Digital Offering will maintain the confidentiality of the Confidential Information during the Term of this Agreement and following the termination or expiration of the Term and, unless and until such information shall have been made publicly available by the Company or by others without breach of a confidentiality agreement, shall disclose the Information only to its officers, employees, legal counsel, and authorized representatives, as authorized by the Company or as required by law or by order of a governmental authority or court of competent jurisdiction. In the event that Digital Offering is legally required to make disclosure of any of the Confidential Information, Digital Offering will: (i) give prompt notice to the Company prior to such disclosure, to the extent that Digital Offering can practically do so, (ii) reasonably assist the Company at the Company’s cost in seeking a protective order or other relief from the disclosure of the Confidential Information and (iii) if compelled to disclose Confidential Information, limit such disclosure to only those matters which it is compelled to disclose.
The term “Confidential Information” does not include information which (i) is or becomes generally available to the public other than as a result of an unauthorized disclosure thereof by Digital Offering or any Investor; (ii) was available on a non-confidential basis prior to its disclosure; or (iii) becomes available on a non-confidential basis from a third party source who is not known to be under a confidentiality obligation.

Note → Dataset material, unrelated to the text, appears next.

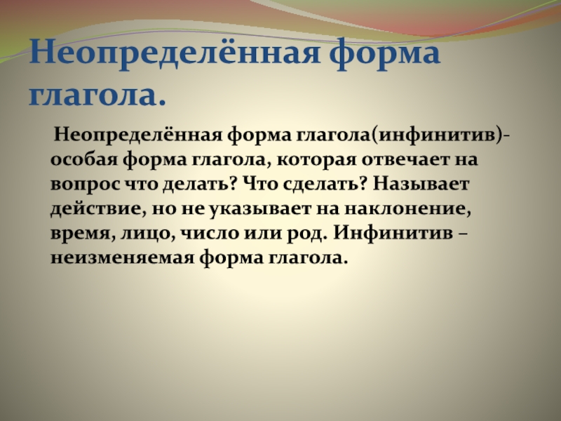 Неопределённая форма глагола(инфинитив)- особая форма глагола,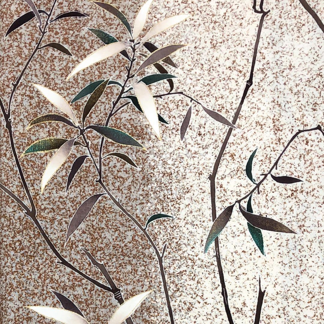 丁子茶色の落ち着きのあるお色味に叩き染に縦柄の暈し、枝葉模様の品のある柄裄がデザインされた素敵なお品でございます。

Notwithstanding the foregoing, Digital Offering, as a FINRA Member Firm, shall be permitted to retain one copy of any Confidential Information provided hereunder to the extent required by its compliance procedures and may disclose such Confidential Information to representatives of FINRA or the SEC, to the extent required by applicable rules and regulations of
such regulatory bodies, without prior notice to the Company.
Nothing in this Agreement shall be construed to limit the ability of Digital Offering or its respective affiliates to pursue, investigate, analyze, invest in, or engage in investment banking, financial advisory or any other business relationship with entities other than the Company, notwithstanding that such entities may be engaged in a business which is similar to or competitive with the business of the Company, and notwithstanding that such entities may have actual or potential operations, products, services, plans, ideas, customers or supplies similar or identical to the Company’s, or may have been identified by the Company as potential merger or acquisition targets or potential candidates for some other business combination, cooperation or relationship. The Company expressly acknowledges and agrees that it does not claim any proprietary interest in the identity of any other entity in its industry or otherwise, and that the identity of any such entity is not Confidential Information for purposes hereof.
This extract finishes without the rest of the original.